Andrew Grice: PM has backing of the Commons – but it won't last
The Labour leader has left himself room to criticise if things turn sour
What a difference a weekend makes. Last Friday, David Cameron was greeted as a hero in the Commons amid the euphoria and surprise over securing a UN resolution to act in Libya.
Yesterday's six-and-a-half hour Commons debate was a much more sober affair. If it looked briefly on Friday that Mr Cameron's first major foreign policy test could boost his standing with a Thatcher-style "Falklands factor", yesterday the dark shadow of Tony Blair's disastrous adventure in Iraq hung over the chamber.
The same MPs who queued up to heap praise on the Prime Minister three days earlier came armed with a long list of tricky questions. Could the military operation target Colonel Gaddafi? What was the end game? What if there is a stalemate in which Gaddafi clings on to power? What was our plan for a post-Gaddafi Libya (we didn't have one for Iraq)? And so on. Wisely, Mr Cameron did not pretend to know them all, admitting: "It is easier to start these things than finish them... There will always be unforeseen consequences".

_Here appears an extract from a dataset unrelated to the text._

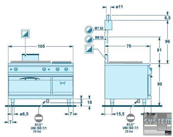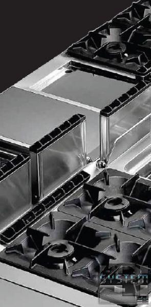 Духовые шкафы изготавливаются из полированной нержавеющей стали AISI 430. Они комплектуются тремя направляющими для гастроемкостей, которые могут устанавливаться в трех разных положениях. Данная плита оснащена статической печью вместимостью 2/1 GN.

For now, Mr Cameron has the overwhelming backing of the Commons. But he knows that could change. Yesterday Ed Miliband was supportive and statesmanlike. Yet the Labour leader has left himself room to criticise if things turn sour. He appears to have learnt from the Tories' gung-ho approach to the Iraq war, which prevented them getting any mileage when it resulted in disaster. Mr Cameron had his doubts then. He enjoys no such luxury now.